__Action item__
Reproduce, exactly and in full, only the lines below from the one containing "The background to" through the one containing "Blackcamp has developed".

__Data for processing__
══════════

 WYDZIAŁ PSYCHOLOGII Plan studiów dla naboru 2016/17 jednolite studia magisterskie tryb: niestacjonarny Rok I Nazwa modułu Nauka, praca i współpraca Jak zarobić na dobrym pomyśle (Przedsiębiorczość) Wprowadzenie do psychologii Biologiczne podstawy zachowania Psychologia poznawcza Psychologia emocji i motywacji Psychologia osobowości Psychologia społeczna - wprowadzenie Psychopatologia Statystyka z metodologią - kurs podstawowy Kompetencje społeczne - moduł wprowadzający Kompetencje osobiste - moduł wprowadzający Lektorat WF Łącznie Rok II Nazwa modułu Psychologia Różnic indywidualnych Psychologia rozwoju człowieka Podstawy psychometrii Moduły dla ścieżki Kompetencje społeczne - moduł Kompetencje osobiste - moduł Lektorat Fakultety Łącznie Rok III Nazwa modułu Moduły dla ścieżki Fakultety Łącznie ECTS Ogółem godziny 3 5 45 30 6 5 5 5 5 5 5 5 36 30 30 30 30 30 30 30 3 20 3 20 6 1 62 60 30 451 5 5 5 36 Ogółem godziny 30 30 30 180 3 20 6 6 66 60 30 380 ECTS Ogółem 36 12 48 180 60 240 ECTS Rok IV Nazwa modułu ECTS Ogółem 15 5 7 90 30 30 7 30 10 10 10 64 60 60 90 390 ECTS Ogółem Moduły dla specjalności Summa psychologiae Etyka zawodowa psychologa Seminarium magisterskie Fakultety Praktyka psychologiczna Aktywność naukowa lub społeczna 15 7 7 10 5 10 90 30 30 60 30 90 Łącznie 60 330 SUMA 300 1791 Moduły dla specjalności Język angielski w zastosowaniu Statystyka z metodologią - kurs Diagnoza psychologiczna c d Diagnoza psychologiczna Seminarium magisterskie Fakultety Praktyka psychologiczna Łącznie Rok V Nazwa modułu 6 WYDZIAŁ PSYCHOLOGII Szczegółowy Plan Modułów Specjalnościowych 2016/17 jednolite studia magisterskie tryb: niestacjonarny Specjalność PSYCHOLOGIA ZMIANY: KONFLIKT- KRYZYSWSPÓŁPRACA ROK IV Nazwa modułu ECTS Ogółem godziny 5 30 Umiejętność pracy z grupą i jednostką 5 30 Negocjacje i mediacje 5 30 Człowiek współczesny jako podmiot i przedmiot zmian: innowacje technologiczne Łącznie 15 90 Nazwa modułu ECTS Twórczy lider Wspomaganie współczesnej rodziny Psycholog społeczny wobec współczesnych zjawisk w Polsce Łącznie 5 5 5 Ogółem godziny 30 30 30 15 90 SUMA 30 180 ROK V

══════════

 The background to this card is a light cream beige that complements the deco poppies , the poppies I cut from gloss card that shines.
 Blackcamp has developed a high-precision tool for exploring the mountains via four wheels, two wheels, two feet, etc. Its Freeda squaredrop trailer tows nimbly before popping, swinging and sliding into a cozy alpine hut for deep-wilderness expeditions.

══════════

__Your solution__
 The background to this card is a light cream beige that complements the deco poppies , the poppies I cut from gloss card that shines.
 Blackcamp has developed a high-precision tool for exploring the mountains via four wheels, two wheels, two feet, etc. Its Freeda squaredrop trailer tows nimbly before popping, swinging and sliding into a cozy alpine hut for deep-wilderness expeditions.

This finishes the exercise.